## EXERCISE REQUIREMENTS
Leaving out the pictures, retype the lines from the beginning of the listing through the line containing "曲阜师大学生工作处讯 5月2".

## AVAILABLE DATA
● ● ●

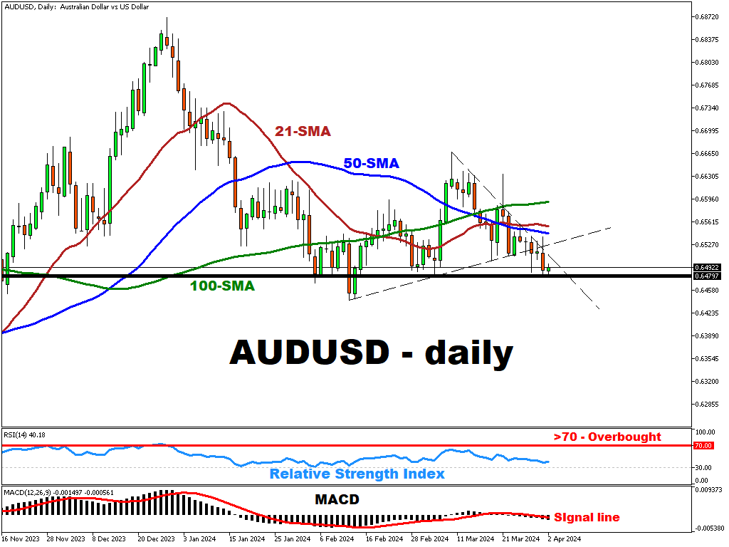 Break below key support level may signal additional downside risk. Meanwhile, the 50-period SMA acts as a critical resistance level – target level for the AUD bulls.
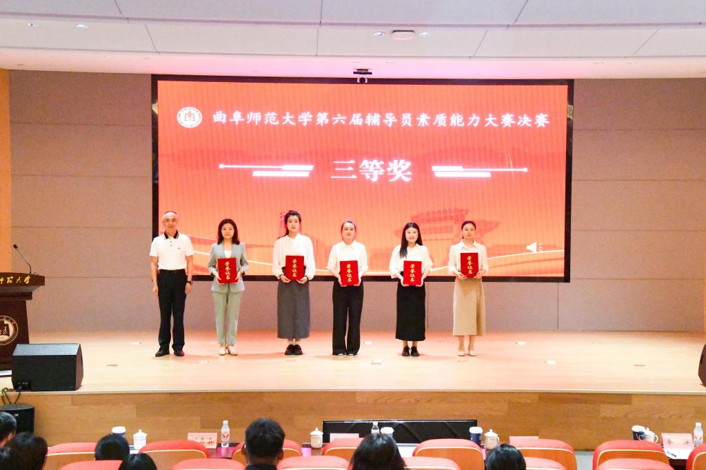 曲阜师大学生工作处讯 5月27日,华体会官方网页版_华体会(中国)第六届辅导员素质能力大赛决赛在曲阜校区图书馆东辅楼报告厅举行。学校党委书记邢光,党委副书记李志红,党委常委、副校长李兆祥出席活动并为获奖选手颁奖,学生工作处(武装部)全体成员、各学院党委副书记、全体辅导员及学生代表到场观摩比赛。来自山东大学、山东师范大学、山东理工大学、山东农业大学、济南工程职业技术学院等高校的专家担任决赛评委。
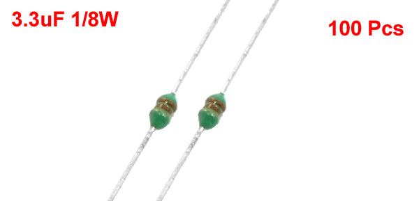 DetailsReplacement 3 Color Loop Axial Leads Fixed Inductors 3.3uF 1/8W 100 Pcs  Product Name Fixed Inductor Inductance 3.3uH Inductance Tolerance ±20% Power 1/8W Body Size 2.5mm x 5mm / 0.1" x 0.2"(Max.D*H) Leads Dia 0.5mm/ 0.0157" Total Length 60mm / 2.4" Material Coating Epoxy Resin Weight 13g Package Content 100(±2%) x Fixed Inductors

● ● ●

## WORKED SOLUTION
 Break below key support level may signal additional downside risk. Meanwhile, the 50-period SMA acts as a critical resistance level – target level for the AUD bulls.
 曲阜师大学生工作处讯 5月27日,华体会官方网页版_华体会(中国)第六届辅导员素质能力大赛决赛在曲阜校区图书馆东辅楼报告厅举行。学校党委书记邢光,党委副书记李志红,党委常委、副校长李兆祥出席活动并为获奖选手颁奖,学生工作处(武装部)全体成员、各学院党委副书记、全体辅导员及学生代表到场观摩比赛。来自山东大学、山东师范大学、山东理工大学、山东农业大学、济南工程职业技术学院等高校的专家担任决赛评委。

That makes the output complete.